The proposed innovation is a new software tool that overcomes the present obstacles to simulation-based tailoring of EMC environment specifications for all space flight electronics.
NASA’s baseline EMC qualification process is for all electronics systems, subsystems and components to be test-qualified to a single, universal MIL-STD-461 specification. However, this is not necessarily a safe or cost-effective process. The MIL STD may underestimate some known threats specific to a NASA mission. Successive revisions to MIL-STD-461 have increased radiation susceptibility levels by more than 40dB to accommodate the rapidly evolving EMC threats from ever-higher frequency digital electronics. But this in turn means that the MIL STD may substantially overstate the maximum expected environment for other NASA missions, precluding the use of lower cost, commercial-of-the-shelf (COTS) electronics.
The proposed innovation uses asymptotic statistics to greatly reduce the simulation task complexity, making it feasible for NASA engineers to predict and mitigate cable harness currents induced by coupling with strong cavity electric fields for all spacecraft and launch vehicle programs. Phase II will deliver a customization of RobustPhysics’ hybrid electromagnetic field modelling software for NASA electromagnetic compatibility (EMC) applications. The hybrid solution uses rigorous physics to couple a statistical model of the 3D electric field in cavities with a deterministic transmission line / transfer matrix model of currents in a cable harness. The reduced order, statistical power balance model for 3D electric fields in complex connected cavities – including launch vehicle fairings - was validated in the Phase I STTR.

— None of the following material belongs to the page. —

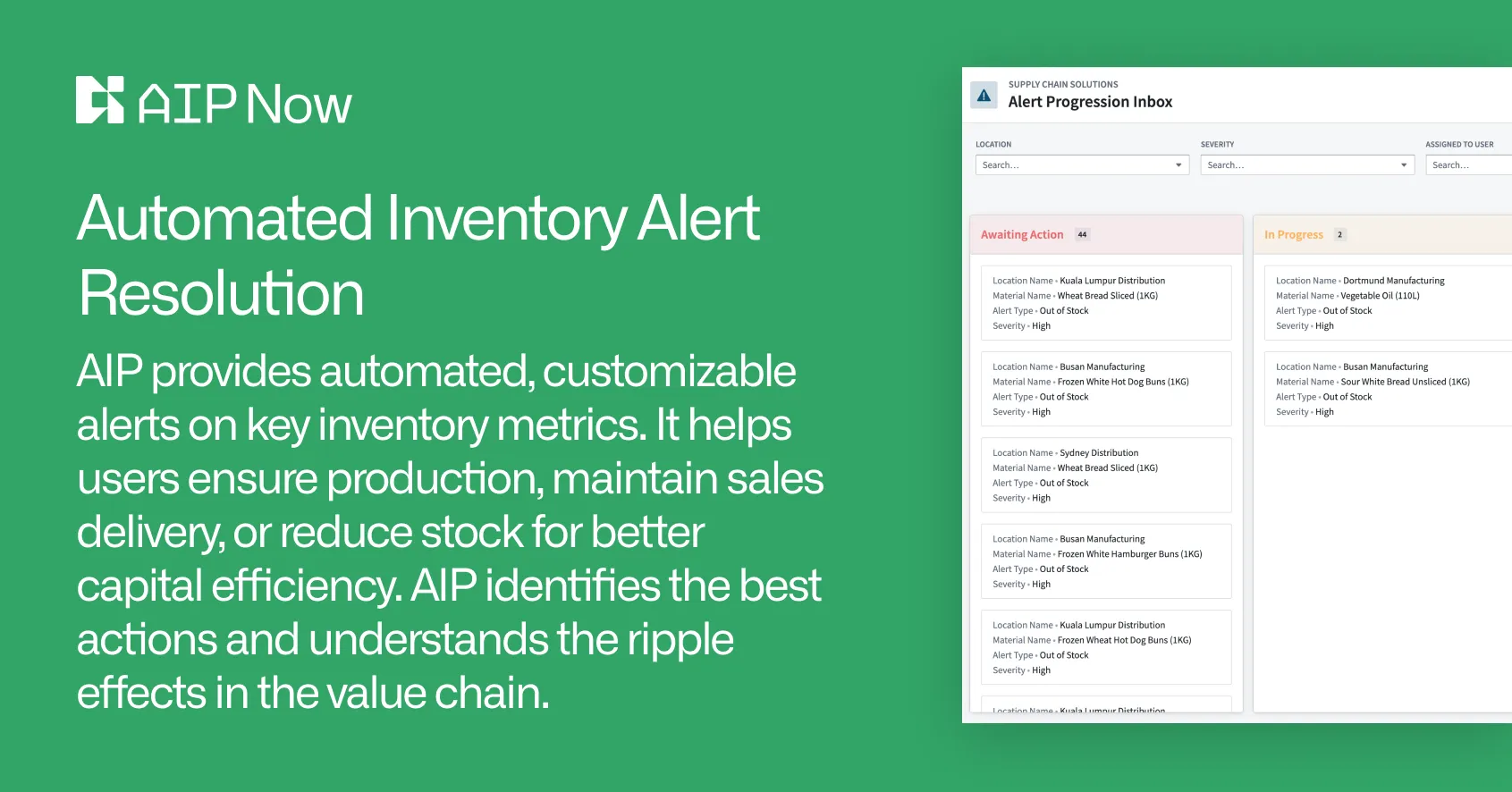 - Automated Inventory Alert Resolution: This feature combines both automated alerting on key inventory metrics and events with organization-specific configurations. This helps users identify opportunities to ensure production continuity or sales delivery - or alternatively, opportunities to reduce stock and drive working capital efficiency. AIP enables the operator to traverse the value chain ontology and identify the best course of action to resolve issues, understanding the knock-on effects and dependencies of even simple activities, such as shifting production from one location to another.

The new simulation tool has application to all NASA spacecraft designed to withstand EMC environment threats such as unwanted wireless and radar transmitters, on-board electronics aggressors, electrostatic discharge (ESD), lightning and high intensity radio frequency (HIRF) threats. EMC specialists at Marshall Space Flight Center confirmed application to launch vehicle avionics and possibly more immediate application to critical cable harnesses in the complex enclosed electromagnetic fields within the International Space Station modules.
Non-NASA applications include commercial and military aircraft, as well as EMC engineering for Navy ship, submarine, UUV and torpedo systems. There are equally clear applications in large markets outside aerospace-defense, the most significant being automotive and consumer electronics.